China Unicom announces tighter iPhones regulations
Updated: 2010-11-30 11:03
By Tuo Yannan (China Daily)
Apple's iPhone4 went on sale in the mainland on Sept 25 at China Unicom and Suning Appliance Co stores. Four Apple stores in Beijing and Shanghai also started selling the product at the same time. [Photo / China Daily]
China Unicom goes after scalpers, makes it harder to change service
BEIJING - China Unicom, the official telecom carrier that offers iPhones in the Chinese market, announced on Monday that it will place even tighter restrictions on iPhone purchases to deter scalpers and stop iPhone users from leaving for its competitor China Mobile.
The new restrictions will take effect on Wednesday for new customers and will not affect existing customers.
According to the announcement, subscribers who buy iPhones from China Unicom must use it with the bundled China Unicom subscriber identity module (SIM) card. If the SIM card and handset do not match, the operator will block the mobile phone, freeze the deposit, and terminate any promotion associated with the contract.

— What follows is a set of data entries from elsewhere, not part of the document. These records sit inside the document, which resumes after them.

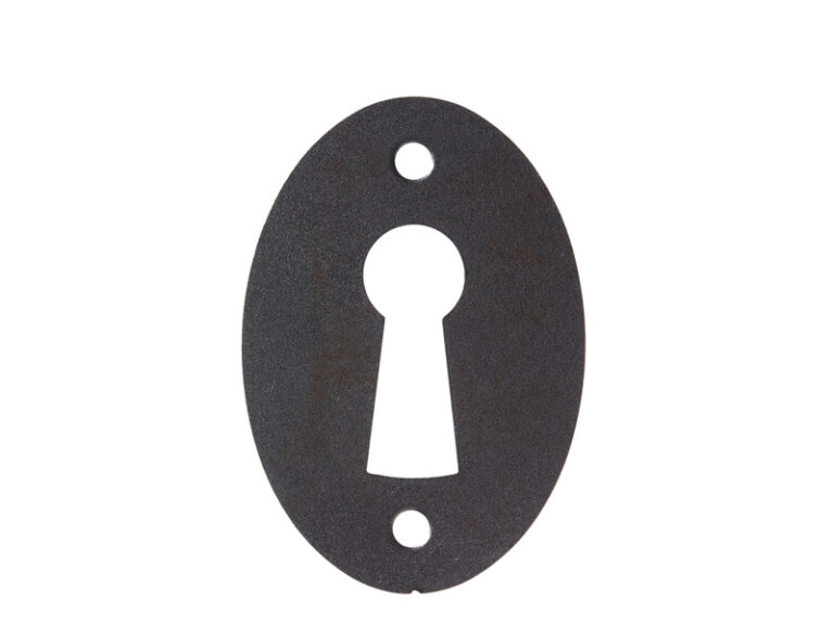 Oval nyckelskylt av obehandlad järnplåt av en modell som varit vanlig ända sedan 1700-talet.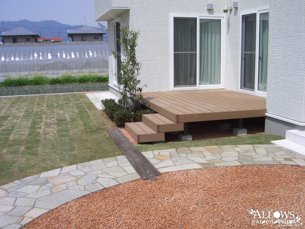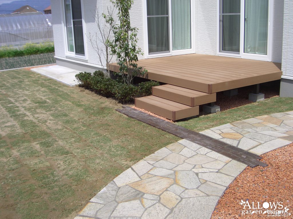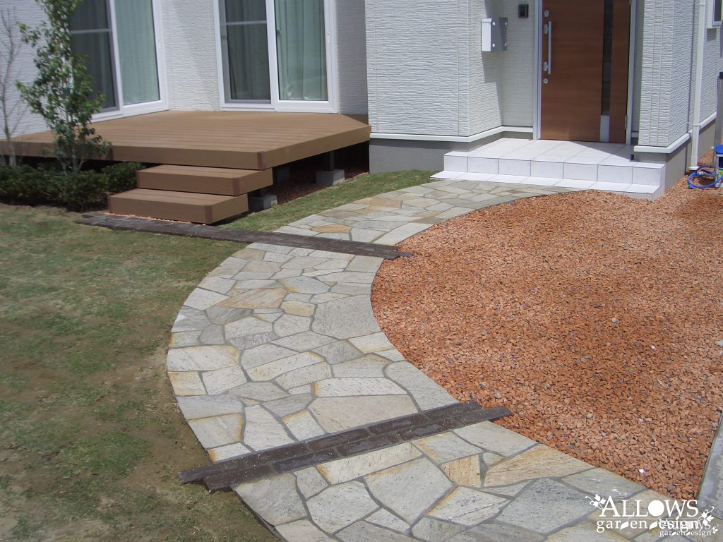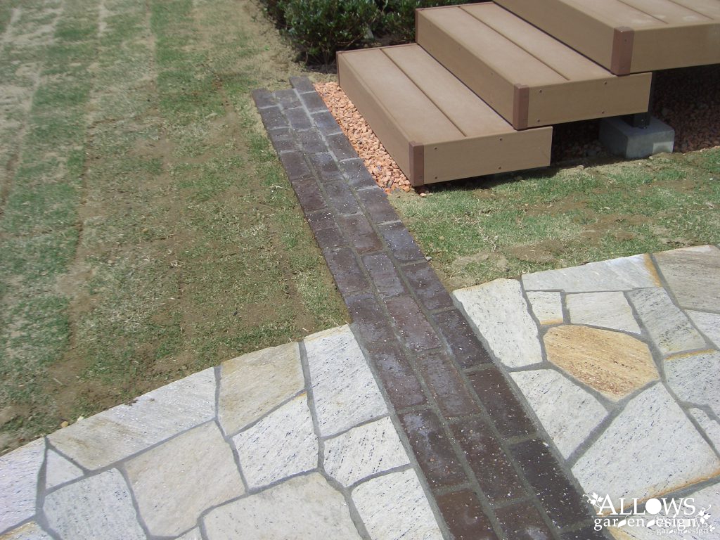 途中に2か所アクセントに入れたダークブラウンのレンガラインは、ハウスメーカーさんが設置したウッドデッキのステップへの園路も兼ねています。お洒落なデザインでさりげなく実用性も兼ねることが出来ました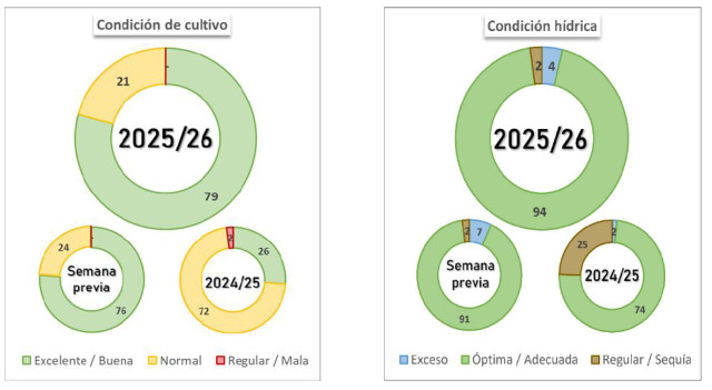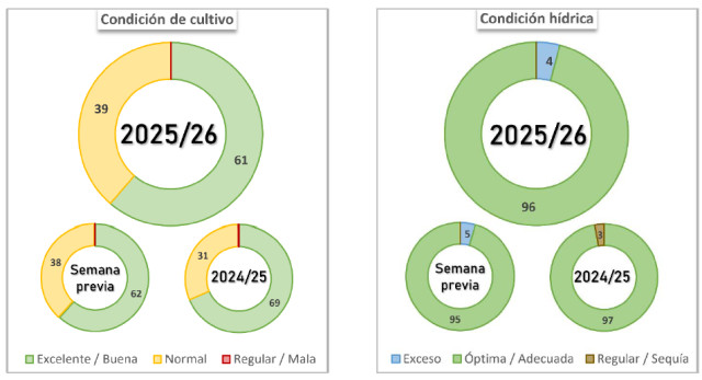 La siembra de maíz con destino a grano continúa avanzando con la apertura de la ventana de siembra tardía en el centro y sur del área agrícola, y ya alcanza el 44 % del total nacional tras un progreso intersemanal de 5 p.p. Del área ya implantada, el 86 % se mantiene en condición Buena a Excelente, impulsado por una adecuada humedad en los perfiles. En línea con ello, la oferta hídrica a nivel nacional muestra un panorama claramente favorable: el 94 % del área se ubica entre condiciones Adecuada/Óptima. Si bien persisten excesos puntuales en el Núcleo Sur, y sectores del centro bonaerense, estos no modifican el escenario general, donde la recarga de los perfiles sostiene una correcta emergencia y un buen desarrollo inicial de los lotes, acompañando el avance de la siembra tardía.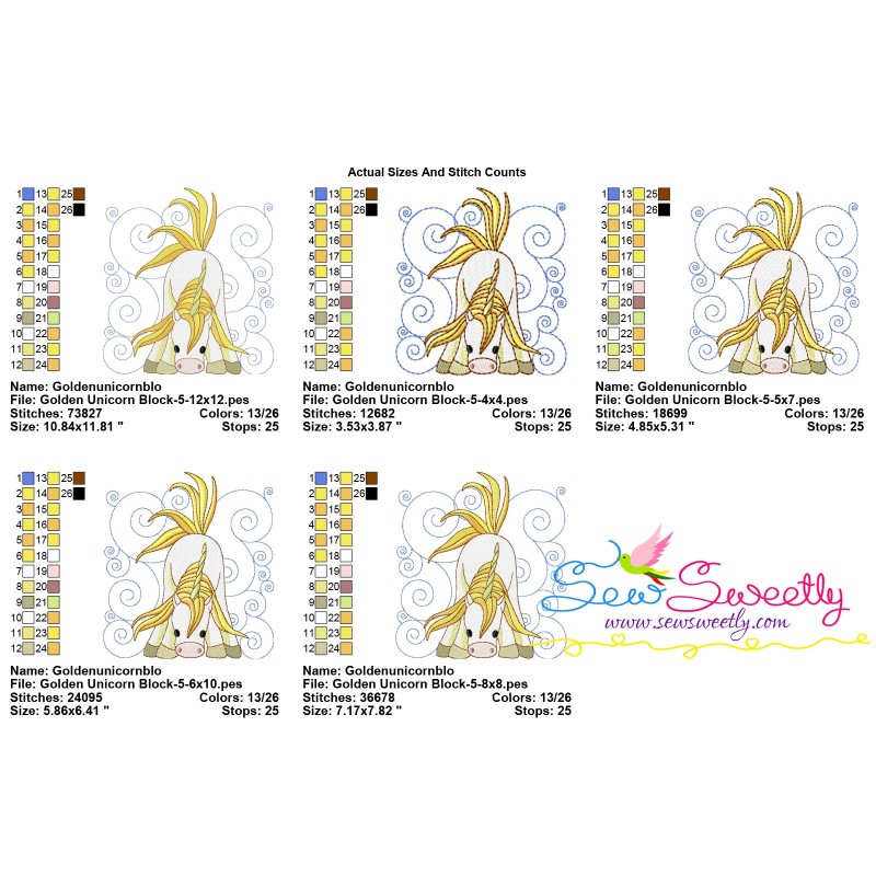 Golden Unicorn Block-5 Machine Embroidery Design Pattern.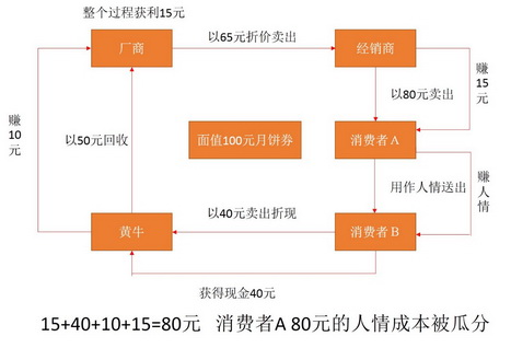 某知名月饼厂商,根据历史经验,预计中秋节会售出10000盒月饼,但是,在中秋节前十几天甚至一个月之前就开始出售约20000张月饼券。最开始,厂商将面值100元的月饼券以65元的低价卖给经销商,经销商将月饼券以80元的价格卖给消费者A,而消费者A将月饼券作为中秋节礼品送给消费者B,消费者B可能缺乏对月饼的需求,从而将月饼券以40元的价格折价卖给了黄牛进行兑现,最后在月饼券的到期日之前,月饼厂商以50元价格回收月饼券,这样,月饼券的整个生命历程已经走完。在这个过程中,我们可以发现,经销商赚了15元,消费者A送出了人情,消费者B通过折现获取了现金40元,黄牛通过变卖赚了10元,而厂商最后通过回收赚了15元,每个人都得到了好处,月饼没有生产,最后月饼券也回到了厂商手中。具体流程图如下:

Under the previous agreement, after an initial deposit, customers can get a free iPhone 4 with a bundled SIM card by buying the package from China Unicom.
The deposit should be returned once the contract expires. The deposit for a 16-gigabyte iPhone 4 with a two-year contract is priced at 5,880 yuan ($878), while the 32-gigabyte model retails at 6,999 yuan.
"The new rule aims at regulating the iPhone market," said Jake Li, an analyst at Guotai Junan Securities. "A lot of scalpers bought iPhone handsets and sold the card and the phone separately."
He pointed out that China Unicom subsidizes the cost of each iPhone, so China Unicom hopes to attract more subscribers who really need the handset and third-generation (3G) service, not scalpers.
"Otherwise it is a waste for China Unicom to subsidize the phone," said Li.
"China Mobile wants to maintain its second-generation (2G) customers so that iPhones can be used on its network to prevent users from joining China Unicom," said Li. Once China Unicom begins enforcing the new rules, new China Unicom customers will not be able to use 2G SIM cards in iPhones, he said.
Since Nov 22, mobile subscribers in Tianjin and Hainan have been allowed to switch operators among China's three telecom carriers.
According to the Chinese IT website Cctime.com, within one week, 65 percent of those who switched carriers transferred to China Unicom in Tianjin. According to China Unicom, the number of its 3G subscribers reached a record of 11.02 million users, of whom 20 percent were new iPhone 4 users. The company has received 600,000 pre-orders for the iPhone 4 since Sept 17.